**Material provided**
______
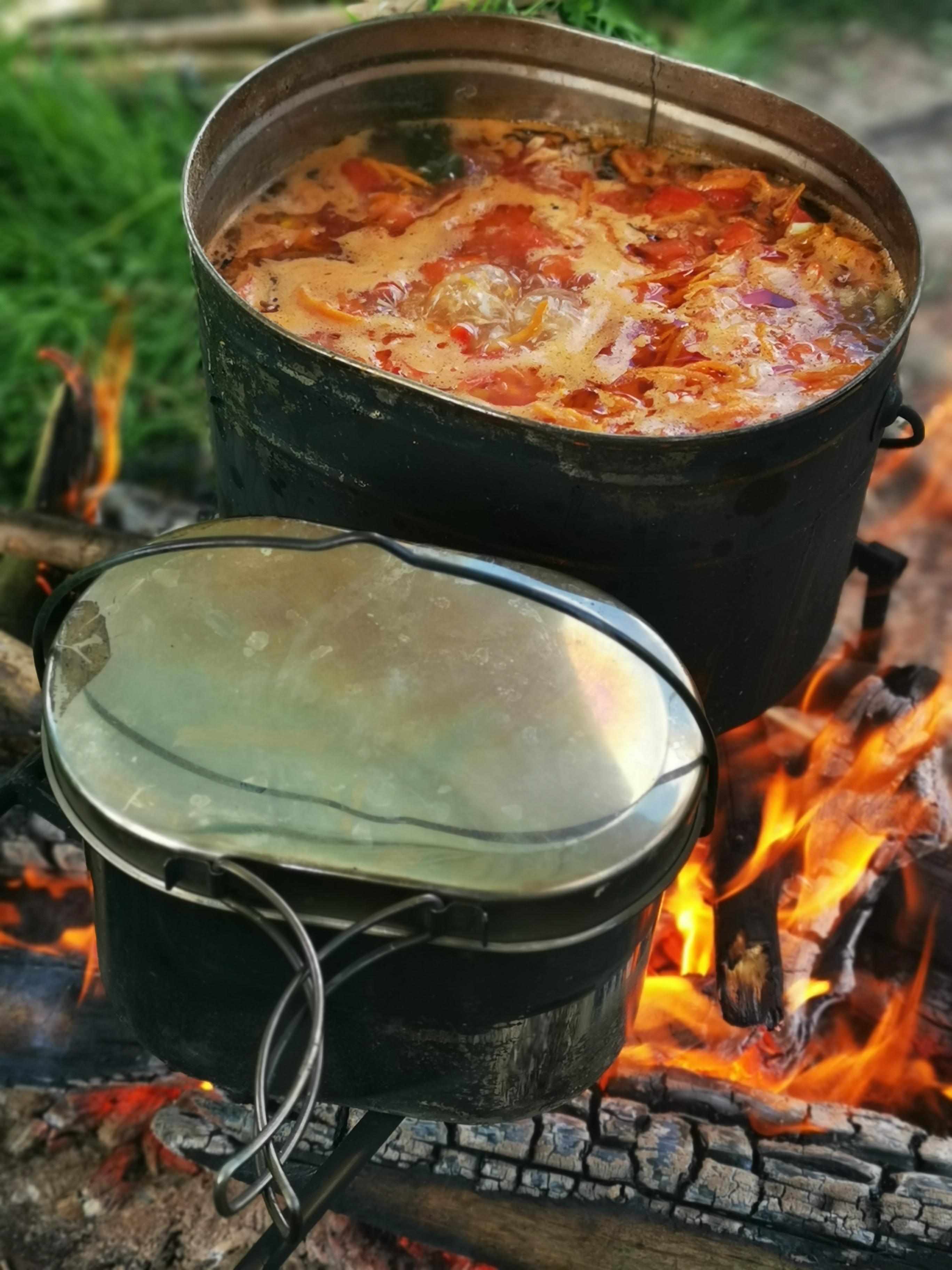 вместе готовим на костре
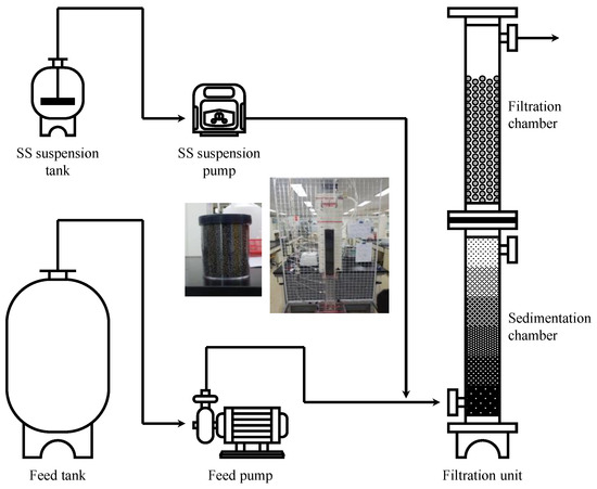 Therefore, in the present study, the SS removal of an upflow granular media filtration system is analyzed using several models to identify appropriate descriptions of stormwater runoff filtration systems. The SS removal is selected for investigation because it can provide an indication of the removal of other pollutants in runoff filtration devices [27,28]. Indeed, several previous studies have reported that the runoff SS is the most important carrier and sink for other pollutants, including organic matter [4,5,6], heavy metals [7,8], and phosphorus [9].
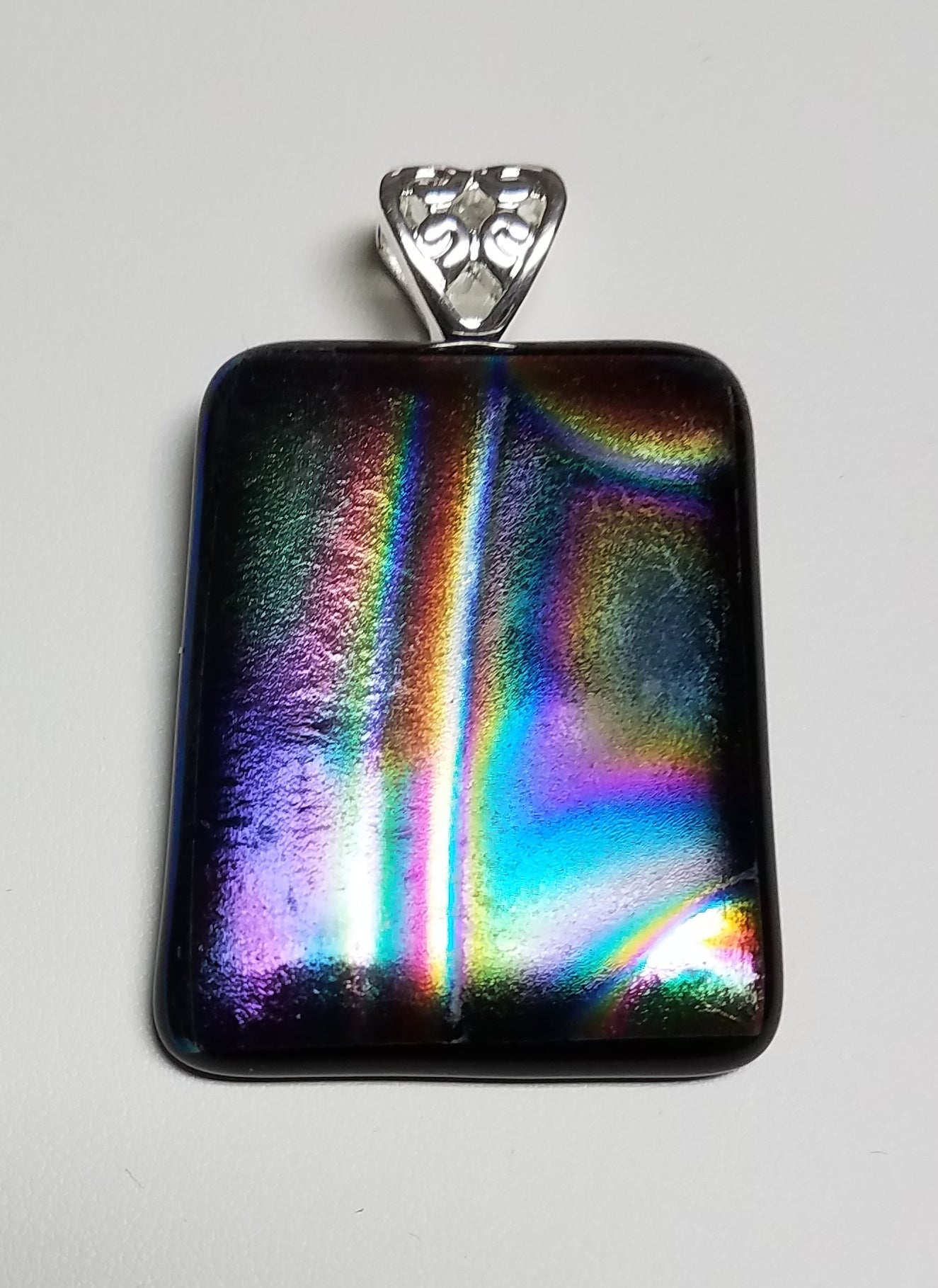 Velvety Rainbow Dichroic Fused Glass Pendant
______
**Exercise instructions**
Transcribe the material exactly, keeping every word and none of the pictures.

**The answer**
 вместе готовим на костре
 Therefore, in the present study, the SS removal of an upflow granular media filtration system is analyzed using several models to identify appropriate descriptions of stormwater runoff filtration systems. The SS removal is selected for investigation because it can provide an indication of the removal of other pollutants in runoff filtration devices [27,28]. Indeed, several previous studies have reported that the runoff SS is the most important carrier and sink for other pollutants, including organic matter [4,5,6], heavy metals [7,8], and phosphorus [9].
 Velvety Rainbow Dichroic Fused Glass Pendant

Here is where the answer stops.